Next up, lemonade. Okay, this shouldn’t properly be in the bad category, because bad isn’t the right word. When you order limonada at a restaurant in Ecuador, there’s no sugar in it. It is lemon juice (or maybe lime juice) and probably water. But you better be ready for sour!

I ordered habas con queso which literally translates to beans with cheese. I was very curious as to how this would be prepared? How would the cheese be incorporated. What kind of sauce would it be in. I figured it would be like rice and beans. Rice and beans is not literally merely rice and beans. There are other things in it.

Why is this even a meal?

 

Boy, was I wrong. Habas con quest is entirely literal. I got a plate of boiled lima beans with a thick slice of queso fresco sitting on top. Not shredded on top. One thick slice. Now I like beans, but in the rankings of the beans of the world, I think many people would agree with me that lima beans sit at or near the bottom of any such list. Still, even with the world’s worst bean, you could do all kinds of interesting things with them.

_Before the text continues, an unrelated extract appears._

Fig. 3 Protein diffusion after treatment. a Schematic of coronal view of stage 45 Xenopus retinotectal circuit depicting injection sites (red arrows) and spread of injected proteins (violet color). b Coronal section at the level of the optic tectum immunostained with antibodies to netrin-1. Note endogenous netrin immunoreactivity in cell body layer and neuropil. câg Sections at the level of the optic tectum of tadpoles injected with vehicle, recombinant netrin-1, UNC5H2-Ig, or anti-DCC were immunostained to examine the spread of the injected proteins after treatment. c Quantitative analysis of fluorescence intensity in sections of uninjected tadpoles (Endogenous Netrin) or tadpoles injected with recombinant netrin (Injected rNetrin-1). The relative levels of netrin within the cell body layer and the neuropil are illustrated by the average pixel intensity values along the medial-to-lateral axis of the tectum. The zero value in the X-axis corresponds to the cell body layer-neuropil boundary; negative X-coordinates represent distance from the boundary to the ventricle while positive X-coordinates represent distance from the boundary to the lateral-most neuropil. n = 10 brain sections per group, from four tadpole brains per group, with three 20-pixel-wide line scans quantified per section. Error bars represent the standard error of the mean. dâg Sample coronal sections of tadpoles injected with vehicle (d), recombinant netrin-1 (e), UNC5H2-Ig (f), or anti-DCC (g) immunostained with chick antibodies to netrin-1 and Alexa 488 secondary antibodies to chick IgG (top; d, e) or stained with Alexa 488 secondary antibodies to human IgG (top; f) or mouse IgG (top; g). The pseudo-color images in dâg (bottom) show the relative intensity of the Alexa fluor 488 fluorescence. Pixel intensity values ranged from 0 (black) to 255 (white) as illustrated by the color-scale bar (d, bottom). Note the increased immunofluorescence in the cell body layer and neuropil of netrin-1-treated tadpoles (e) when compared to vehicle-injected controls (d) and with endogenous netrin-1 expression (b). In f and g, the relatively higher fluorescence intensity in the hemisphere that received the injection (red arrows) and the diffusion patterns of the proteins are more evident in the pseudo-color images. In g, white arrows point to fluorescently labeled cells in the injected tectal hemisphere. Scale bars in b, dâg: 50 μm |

You could at least boil them in water that had seasoning in it. But no, these beans were cooked and that’s all you can say about them. I like queso fresco, but it cannot save a plate full of unappetizing grass-colored lima beans.

The bland: I find the majority of traditional Ecuadorian cooking to fall in this category. It’s kind of like when you are in London and you wonder why don’t the British season anything. Well, the British and the Ecuadorians are flavor soul mates.

Before I talk about specific Ecuadorean dishes, let me talk about rice. Most dishes are served with rice. Plain rice. Plain white rice. This would be great if, like when you go to an Indian restaurant, there were plenty of sauces on the other parts of the meal that you mix with the rice and eat all together. I’m sure you can guess what I am about to say. That is not the case here. There isn’t enough sauce to mix with all that rice. And there isn’t enough flavor in the sauces to make the rice, well, interesting.

Menestra is the kind of dish I should love. Its main ingredient is lentils. (I’ve read that it can be beans instead, but so far I have only had it with lentils.) Now, I like lentils. And menestra has those lentils cooked in a brown sauce. It is served, you guessed it, with rice, and usually some meat. Either you get a piece of chicken or a slice of beef. It’s so close to being good, but there just isn’t enough seasoning to make the lentils exciting. And then the rice just drags it further down into blandness.

Mote is popular here. You know how grits are made from corn, but if you looked at them, or ate them, you wouldn’t immediately know it was corn. That’s mote. It is like hominy. It’s corn kernels that have been peeled and boiled. (I’m not sure which comes first.) It is chewy in an unexpected way, and it isn’t super flavorful. Usually mote is served with some sort of meat.

Locro de papa is a potato and cheese soup. We held out high hopes that this would be the traditional Ecuadorean food that tipped the scales toward yummy. But it didn’t. It’s fine, but it’s not amazing. Locro de papa is usually served with sliced avocado, so that has some flavor.

It looks like it's going to be good

 

I know you’ll think this is lame, but one of my favorite meals in Quito has been fried chicken at KFC. Why? Because they use the exact secret mix of eleven herbs and spices that Colonel Sanders formulated all those years ago. And that’s about ten herbs and spices more than I get in anything else.

But I wouldn’t say my mixed stomach is suffering. I get enough food and it is plenty nutritious. It’s really my tongue that dreams of something better.